Excluding pictures, transcribe precisely the lines from the one containing "SPORT COMPACT EFI" to the final line of the listing below, inclusive, and nothing more.

▶ **Dataset section**
>>>

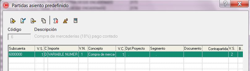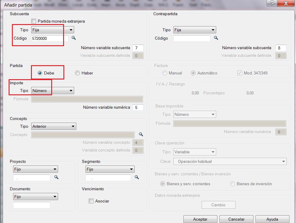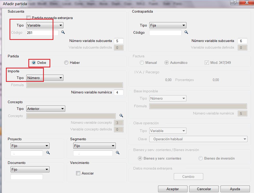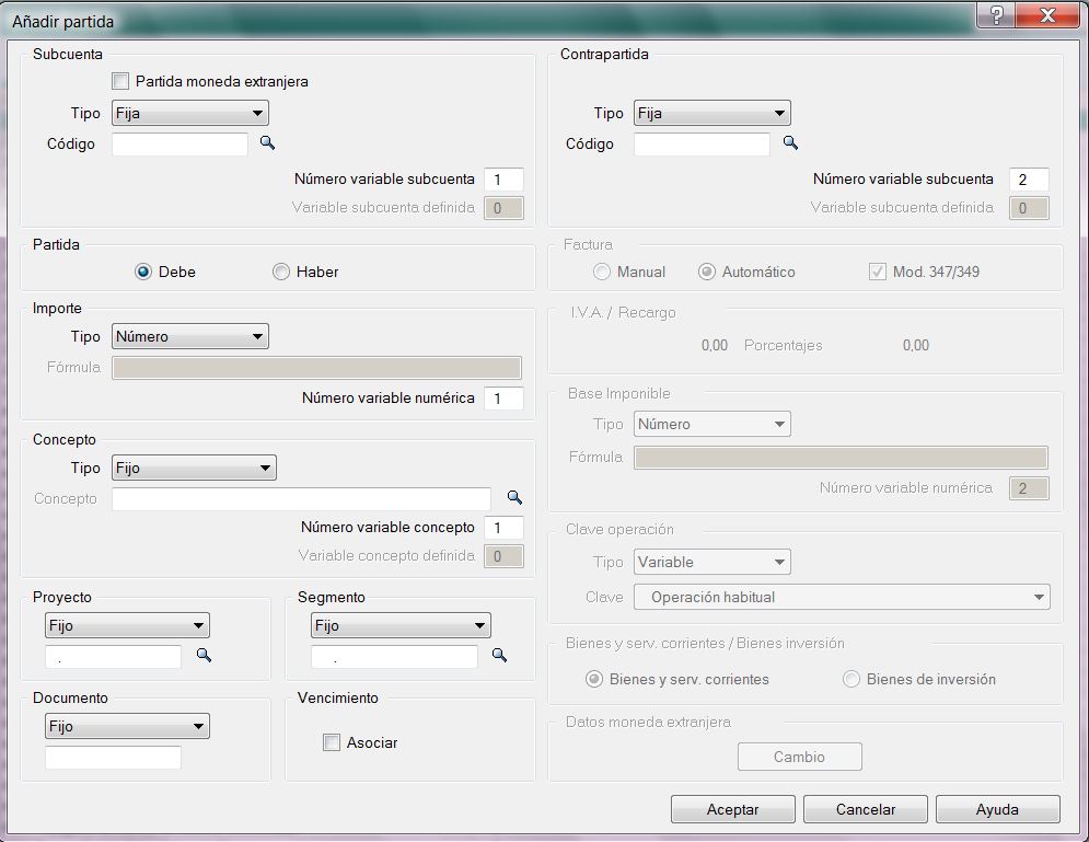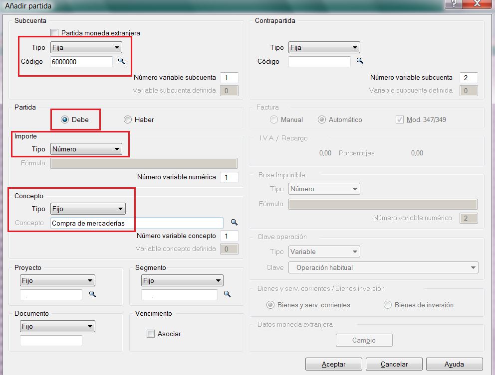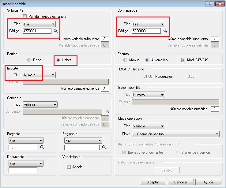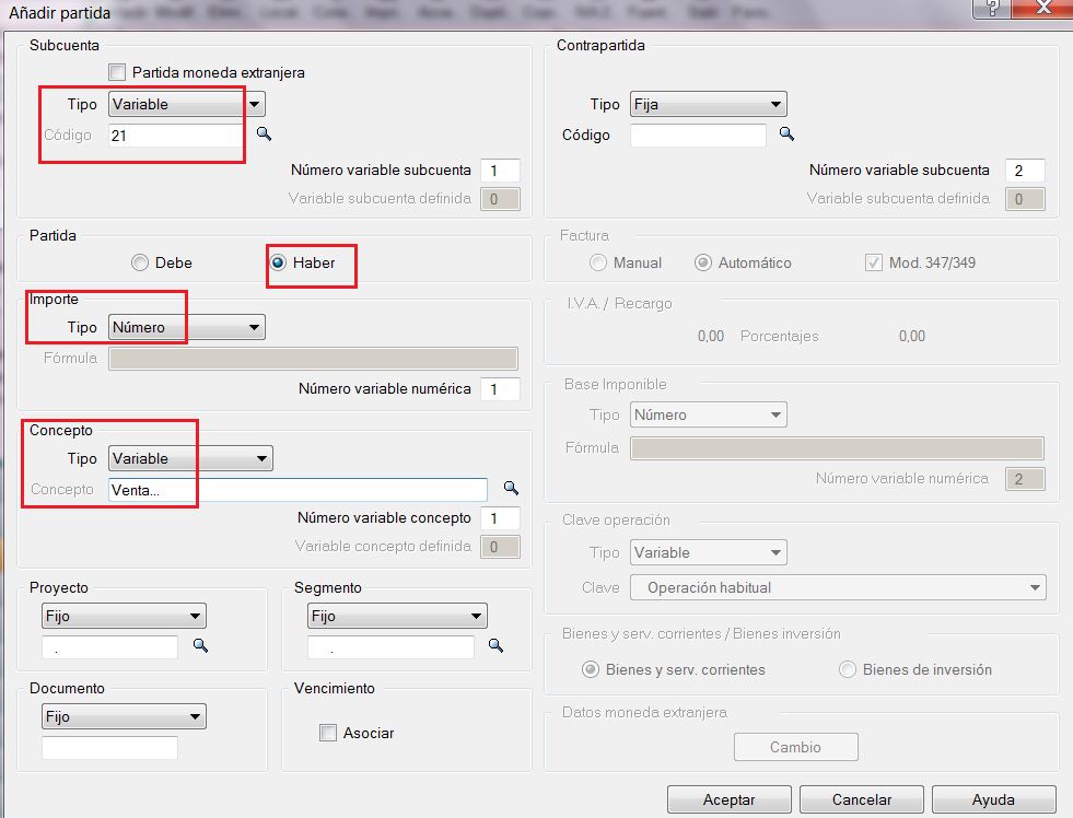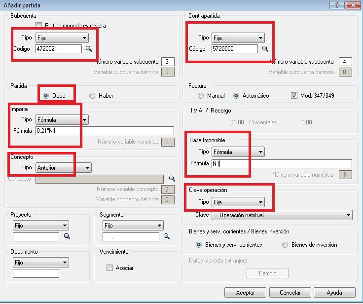 Nota importante: el importe lo hemos puesto automático (como fórmula), se trata del 21% del importe de la compra (variable númerica N1, tal como puede apreciarse en la figura anterior). La contrapartida la hemos puesto a Banco c/c porque es operación al contado. Los campos de la base imponible y clave de la operación es necesario indicarlos para que el asiento se haga automáticamente con indicar el importe del gasto por la compra.
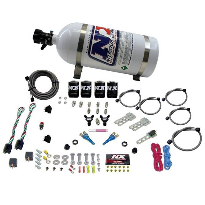 SPORT COMPACT EFI DUAL STAGE (35-75) X 2 WITH 10LB BOTTLE Want more horsepower without the hassle and expense of going direct port? Then the NX dual stage nitrous systems are the way to go. Having two stages means you double your power options at the click of a switch. The dual ?Shark nozzles give adjustability from 50 to 300 wheel horsepower in 25hp increments. Systems come complete with 10lb nitrous bottle, stainless bottle bracket, Lightning solenoids, extra long stainless braided N2O line, and all necessary hardware to complete the installation
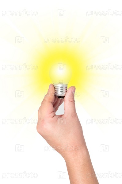 Яркая лампочка в руке на белом фоне

<<<

▶ **Task result**
 SPORT COMPACT EFI DUAL STAGE (35-75) X 2 WITH 10LB BOTTLE Want more horsepower without the hassle and expense of going direct port? Then the NX dual stage nitrous systems are the way to go. Having two stages means you double your power options at the click of a switch. The dual ?Shark nozzles give adjustability from 50 to 300 wheel horsepower in 25hp increments. Systems come complete with 10lb nitrous bottle, stainless bottle bracket, Lightning solenoids, extra long stainless braided N2O line, and all necessary hardware to complete the installation
 Яркая лампочка в руке на белом фоне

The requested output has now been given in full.